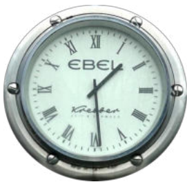
ON TIME STARTEN
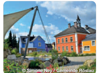
© Simone Ney / Gemeinde Rösau
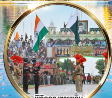
พิธีลดธงชัยแค้ม อินเดีย-ปากีสถาน ค่านวาทาร์
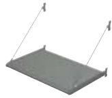
SYSTÈME DE CADRES PRÉASSEMBLÉS BS 100
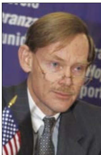
Robert Zoellick Representante Comercial de los Estados Unidos

Ahí, en ese escenario histórico, la delegación nicaragüense celebró junto a sus homólogos de Estados Unidos, Guatemala, El Salvador y Honduras, el inicio de una nueva era de prosperidad, progreso y empleo, como resultado de una mayor apertura comercial, del potencial productivo e inversionista, y de más altos niveles de exportación.
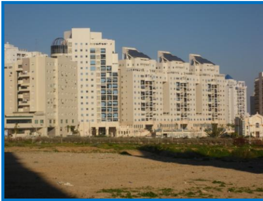
Photo No. 6.2.4 (b): Images of the Kirya Quarter
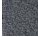
i 370 gri
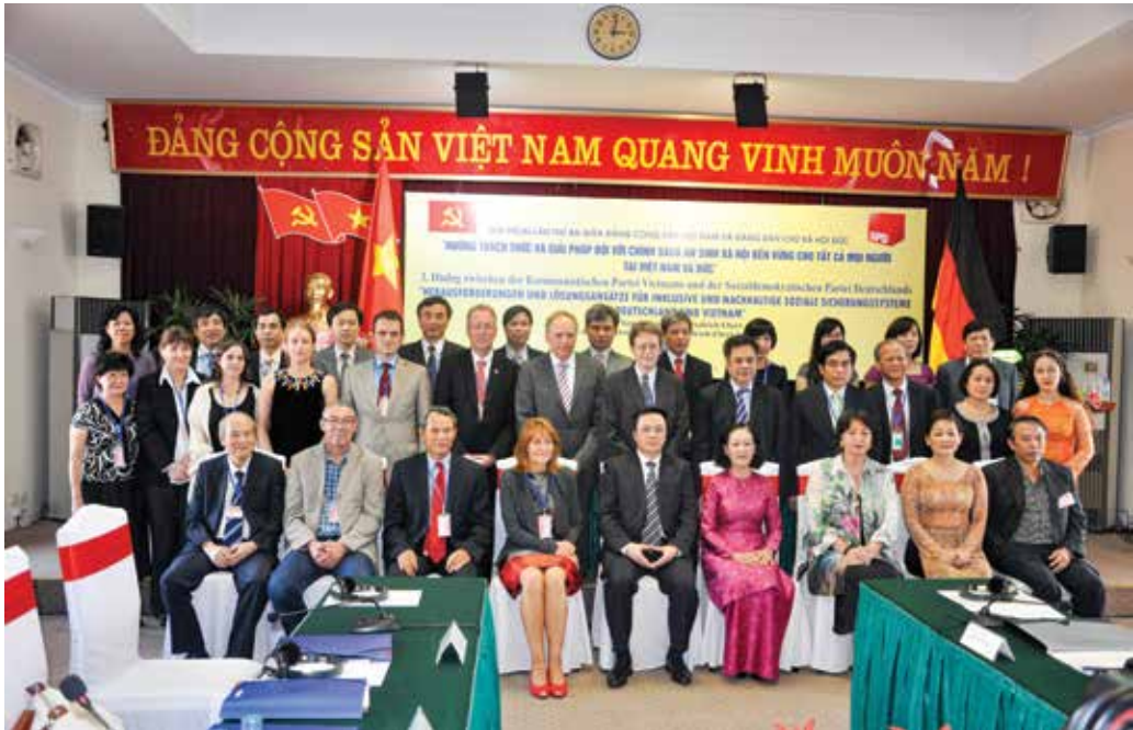
Đối thoại lý luận lần thứ ba giữa Đảng Cộng sản Việt Nam và Đảng Dân chủ Xã hội Đức tổ chức tại Hà Nội (năm 2013)
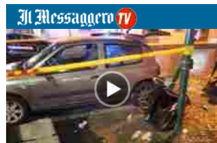
Roma, auto travolge cinque passanti a San Pietro
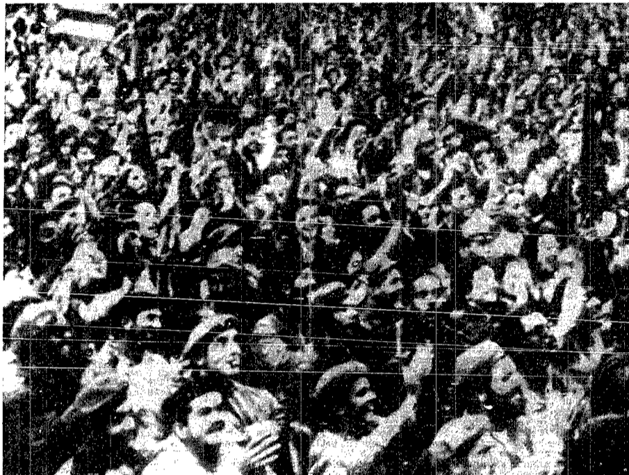
Funkbild aus Havanna: Hunderttausende von Kubanern jubeln dem Hysteriker Castro zu, als er den „totalen Widerstand“ gegen die amerikanische Blockade proklamierte. Ob sich wohl einer dieser Menschen im klaren darüber ist, was ihr Diktator angedacht hat, als er die Sowjetrussen ermunterte, eine Basis zum Abschuß von Raketen auf Kuba zu bauen?

sprengköpfen weitergeht. Seitdem wird stündlich erwartet, daß Präsident Kennedy neue, schärfere Maßnahmen gegen Kuba befiehlt. Bei Redaktionsanfragen lag die Möglichkeit einer direkten militärischen Besetzung Kubas durch amerikanische Streit-

About this exercise:
Nothing but the lines from the one containing "SYSTÈME DE CADRES PRÉASSEMBLÉS BS 100" through the end of the listing should be written out, each exactly, and pictures must be left out.

Solved exercise:
SYSTÈME DE CADRES PRÉASSEMBLÉS BS 100
Robert Zoellick Representante Comercial de los Estados Unidos

Ahí, en ese escenario histórico, la delegación nicaragüense celebró junto a sus homólogos de Estados Unidos, Guatemala, El Salvador y Honduras, el inicio de una nueva era de prosperidad, progreso y empleo, como resultado de una mayor apertura comercial, del potencial productivo e inversionista, y de más altos niveles de exportación.
Photo No. 6.2.4 (b): Images of the Kirya Quarter
i 370 gri
Đối thoại lý luận lần thứ ba giữa Đảng Cộng sản Việt Nam và Đảng Dân chủ Xã hội Đức tổ chức tại Hà Nội (năm 2013)
Roma, auto travolge cinque passanti a San Pietro
Funkbild aus Havanna: Hunderttausende von Kubanern jubeln dem Hysteriker Castro zu, als er den „totalen Widerstand“ gegen die amerikanische Blockade proklamierte. Ob sich wohl einer dieser Menschen im klaren darüber ist, was ihr Diktator angedacht hat, als er die Sowjetrussen ermunterte, eine Basis zum Abschuß von Raketen auf Kuba zu bauen?

sprengköpfen weitergeht. Seitdem wird stündlich erwartet, daß Präsident Kennedy neue, schärfere Maßnahmen gegen Kuba befiehlt. Bei Redaktionsanfragen lag die Möglichkeit einer direkten militärischen Besetzung Kubas durch amerikanische Streit-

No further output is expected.